Sedangkan tujuan pernikahan seperti yang dirancang oleh Allah bagi seorang pria dan seorang wanita adalah kesatuan utuh (terintegrasi). Tentu saja makna kesatuan yang dimaksudkan tersebut tidaklah dapat ditangkap dalam satu atau dua kalimat atau pernyataan. 

Namun makna dasar dari kesatuan tersebut dapat dan harus dipusatkan pada beberapa gagasan yang sangat mendasar, yaitu: (1) Kesatuan dengan menjalin persahabatan; (2) Kesatuan untuk saling mengisi dan melengkapi; (3) Kesatuan untuk menikmati kesenangan; (4) Kesatuan untuk mendapatkan keturunan; dan (5) Kesatuan dalam menampilkan citra Allah. 

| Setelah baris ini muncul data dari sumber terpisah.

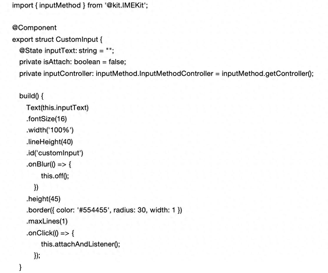 在自定义编辑框的开发中,我们使用 Text 组件作为文本显示组件,并通过状态变量来管理文本内容。同时,为了实现输入和删除操作的监听,我们需要获取 InputMethodController 实例。以下是一个简单的示例代码:
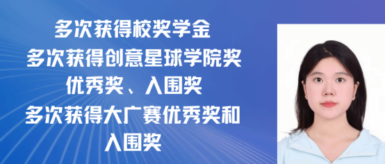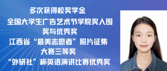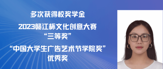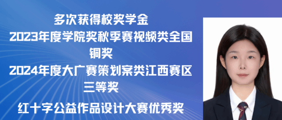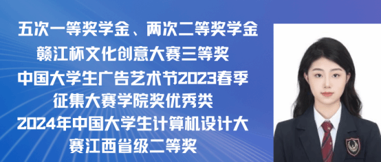 黄怡,女,中共党员,2021级广告学专业(含职教师范)班。本科期间四年平均绩点4.14/5.0,位于专业第一。在校期间荣获两次一等奖学金、两次二等奖学金、两次三等奖学金。多次获得“三好学生”“先进个人”“优秀志愿者”等称号。在2023年度学院奖秋季赛中荣获视频类全国铜奖、在2023年度中国国际大学生创新大赛中荣获校赛铜奖、在2024年度大广赛中荣获策划案类江西赛区三等奖、在2024年江西省红十字公益作品设计大赛中荣获公益平面类优秀奖等,并获得若干学院奖优秀类和入围类。

Kesatuan yang utuh dari tujuan pertama dalam gagasan tersebut bersifat relasional, tujuan yang kedua bersifat komplementarian, tujuan yang ketiga bersifat rekreasi, tujuan yang keempat bersifat prokreasi, dan tujuan yang kelima menunjukkan pada reflektif ilahi. Kelima gagasan dasar dari kesatuan yang utuh tersebut merupakan pilar-pilar yang kokoh bagi pernikahan Kristen.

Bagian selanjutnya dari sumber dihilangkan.